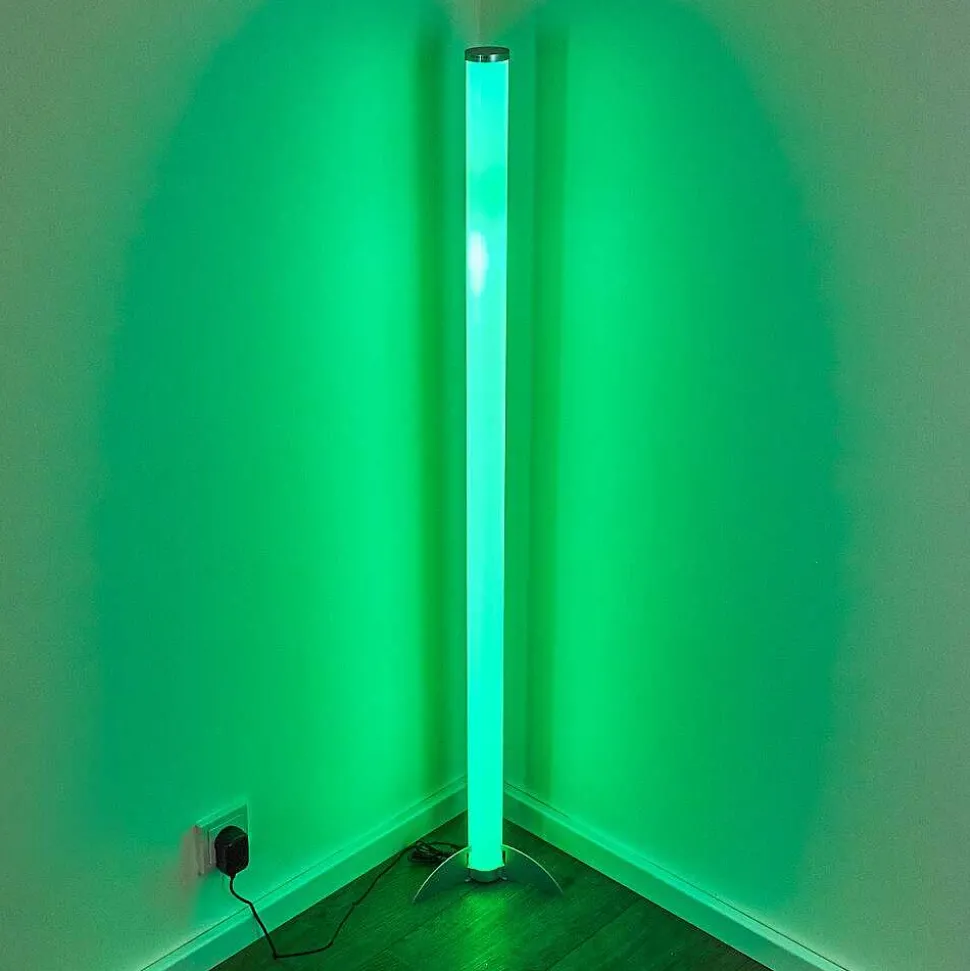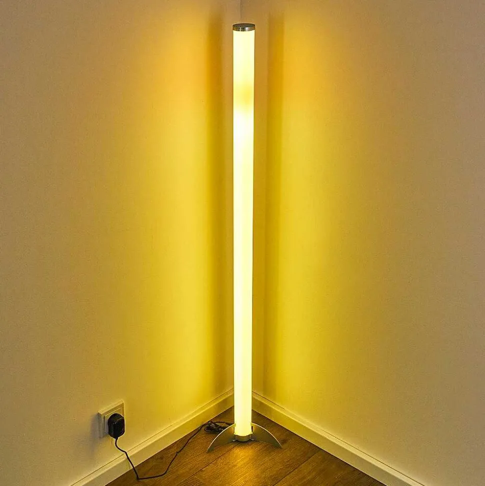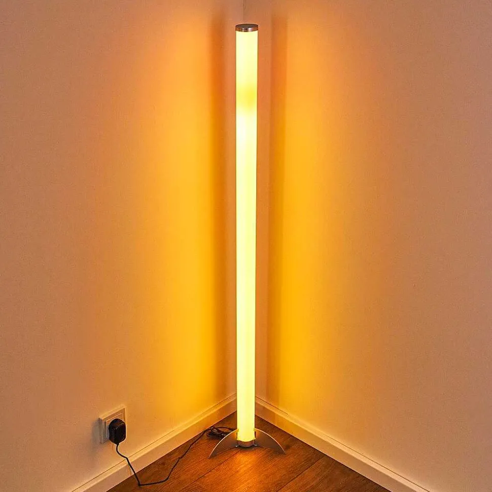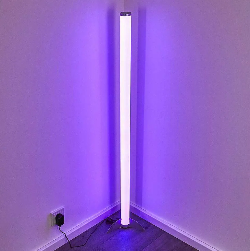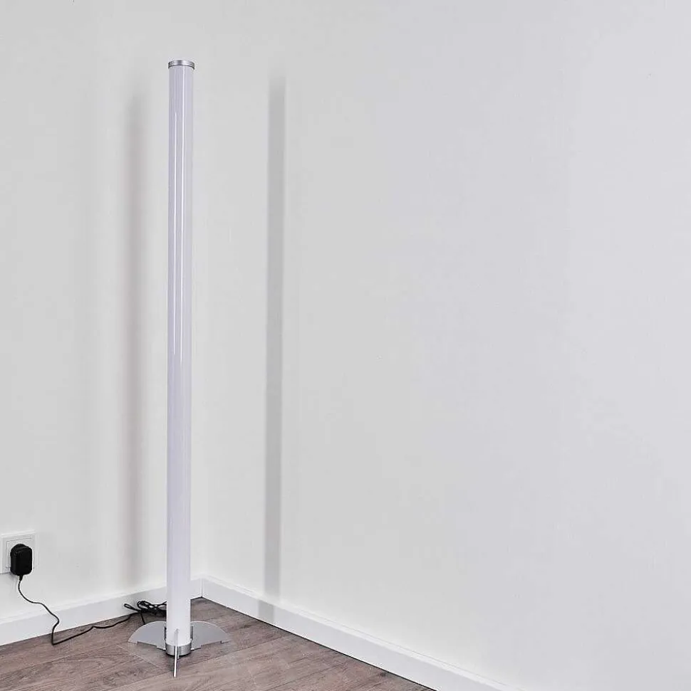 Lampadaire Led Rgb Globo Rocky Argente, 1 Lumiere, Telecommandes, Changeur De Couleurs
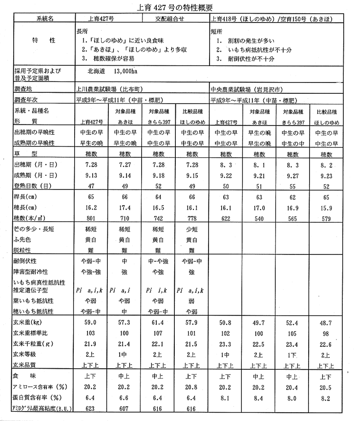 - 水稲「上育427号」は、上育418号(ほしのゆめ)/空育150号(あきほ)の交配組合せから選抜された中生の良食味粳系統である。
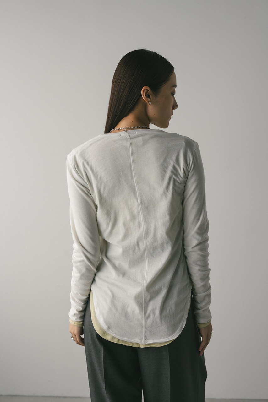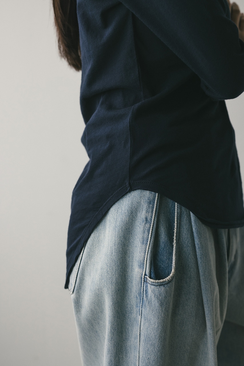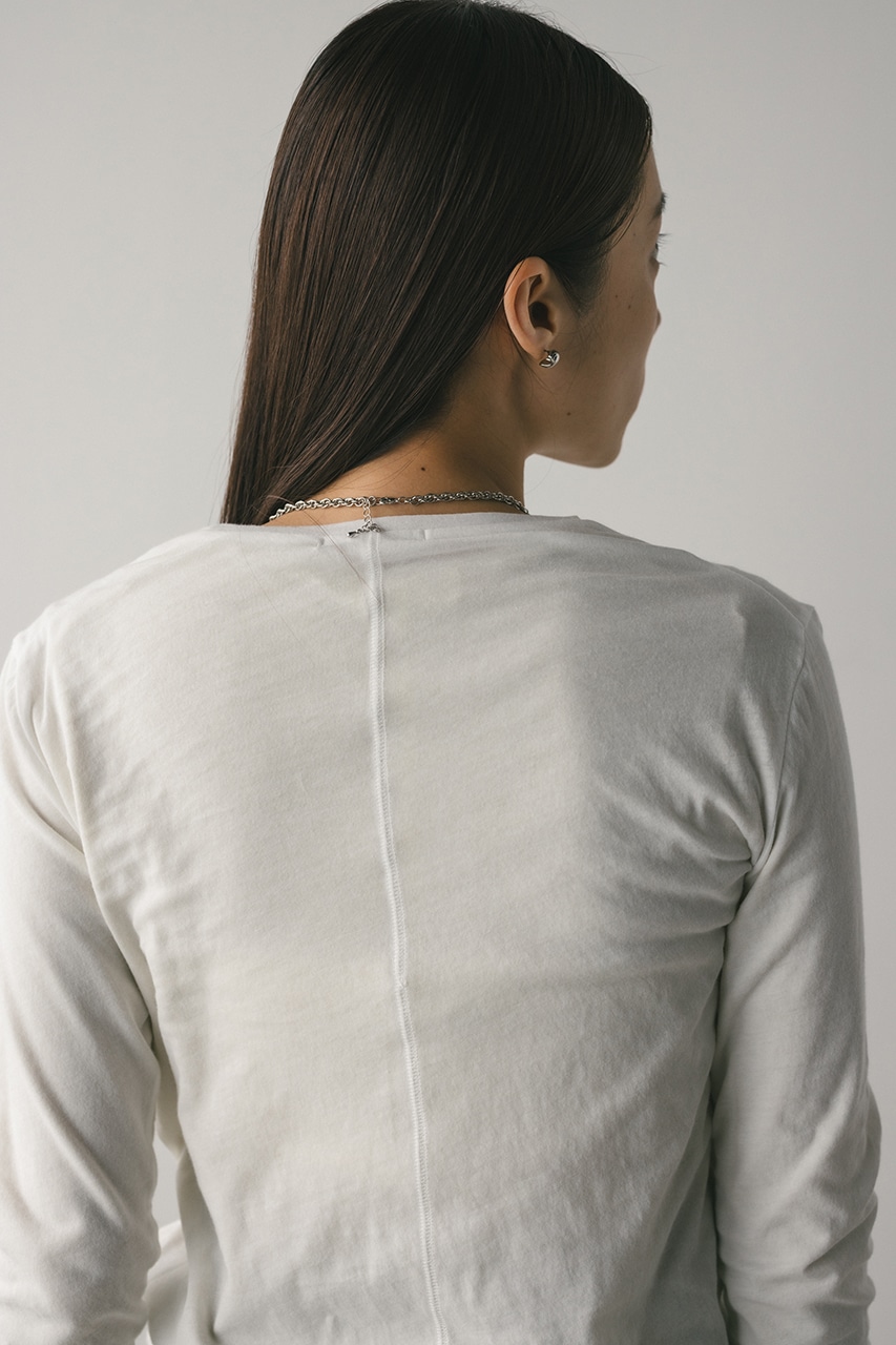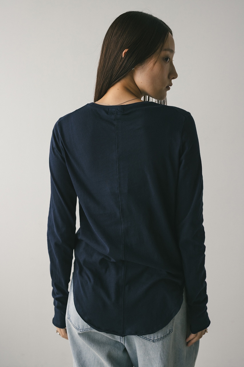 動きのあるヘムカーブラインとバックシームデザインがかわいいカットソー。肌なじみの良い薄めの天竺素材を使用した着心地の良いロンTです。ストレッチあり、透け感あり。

### Exercise prompt
From the line containing "- 水稲「上育427号」は、" through the final line of the listing, copy every line exactly and nothing else. Skip the pictures.

### Output for this exercise
 - 水稲「上育427号」は、上育418号(ほしのゆめ)/空育150号(あきほ)の交配組合せから選抜された中生の良食味粳系統である。
 動きのあるヘムカーブラインとバックシームデザインがかわいいカットソー。肌なじみの良い薄めの天竺素材を使用した着心地の良いロンTです。ストレッチあり、透け感あり。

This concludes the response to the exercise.